Example: Complete Consensus Workflow

// Step 1: Planner creates initial plan (local)
const plan = generateInitialPlan(task, context);

// Step 2: (optional) User feedback
if (interactive) {
  const feedback = await askUserQuestion(plan);
  if (feedback === "request_changes") {
    return step1(); // Loop back
  }
}

// Step 3: Architect review (BLOCKING)
const architectResult = await task({
  subagent_type: "oracle",
  load_skills: [],
  run_in_background: false,
  prompt: `Review plan for architectural soundness: ${plan}`
});

// Step 4: Critic evaluation (BLOCKING, after step 3)
const criticResult = await task({
  subagent_type: "oracle",
  load_skills: [],
  run_in_background: false,
  prompt: `Evaluate plan quality: ${plan}\nArchitect feedback: ${architectResult}`
});

// Step 5: Re-review loop (if needed)
let iterations = 0;
while (criticResult.verdict !== "APPROVE" && iterations < 5) {
  iterations++;
  // Revise plan based on feedback
  plan = revisePlan(plan, architectResult, criticResult);

  // Sequential re-review
  const archResult = await task({ subagent_type: "oracle", load_skills: [], run_in_background: false, ... });
  const critResult = await task({ subagent_type: "oracle", load_skills: [], run_in_background: false, ... });
}

// Step 6: Apply improvements
const finalPlan = applyImprovements(plan, architectResult, criticResult);

// Step 7: Output or handoff
if (interactive) {
  const choice = await askUserQuestion(finalPlan);
  if (choice === "approve_ralph") {
    invokeSkill("ralph", finalPlan);
  } else if (choice === "approve_team") {
    invokeSkill("team", finalPlan);
  }
} else {
  output(finalPlan);
}

Scenario Examples

Good: The user says continue after the workflow already has a clear next step. Continue the current branch of work instead of restarting or re-asking the same question.
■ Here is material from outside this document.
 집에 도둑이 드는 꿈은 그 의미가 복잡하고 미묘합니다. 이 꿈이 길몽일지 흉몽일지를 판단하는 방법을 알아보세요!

Good: The user changes only the output shape or downstream delivery step (for example make a PR). Preserve earlier non-conflicting workflow constraints and apply the update locally.
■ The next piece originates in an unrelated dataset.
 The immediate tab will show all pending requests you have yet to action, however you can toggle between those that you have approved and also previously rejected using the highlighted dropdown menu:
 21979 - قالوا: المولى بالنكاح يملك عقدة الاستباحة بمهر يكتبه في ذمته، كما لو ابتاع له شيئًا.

Bad: The user says continue, and the workflow restarts discovery or stops before the missing verification/evidence is gathered.

Testing Checklist

Before using this skill, verify:

  • No ask_codex or mcp__x__ask_codex references
  • No hardcoded model names
  • All agent calls use task() tool
  • All task() calls include load_skills=[]
  • All task() calls include run_in_background parameter
  • Architect and Critic calls are documented as sequential
  • Timeout configuration references environment variables
  • Fallback strategy documented for unavailable subagents
  • No parallel execution of consensus steps 3 and 4
  • Configuration requirements documented

Summary

This omo-ralplan skill:

  1. Uses native task() delegation - Never references MCP tools
  2. Is model-agnostic - References configuration, not models
  3. Follows sequential consensus - Architect before Critic, never parallel
  4. Includes mandatory parameters - load_skills=[], run_in_background
  5. Documents timeouts - Uses environment variables, not hardcoded values
  6. Provides fallback - Local analysis when subagents unavailable
  7. Specifies configuration requirements - Documents expected agents/categories

This ensures the skill works across different oh-my-opencode configurations regardless of the underlying models.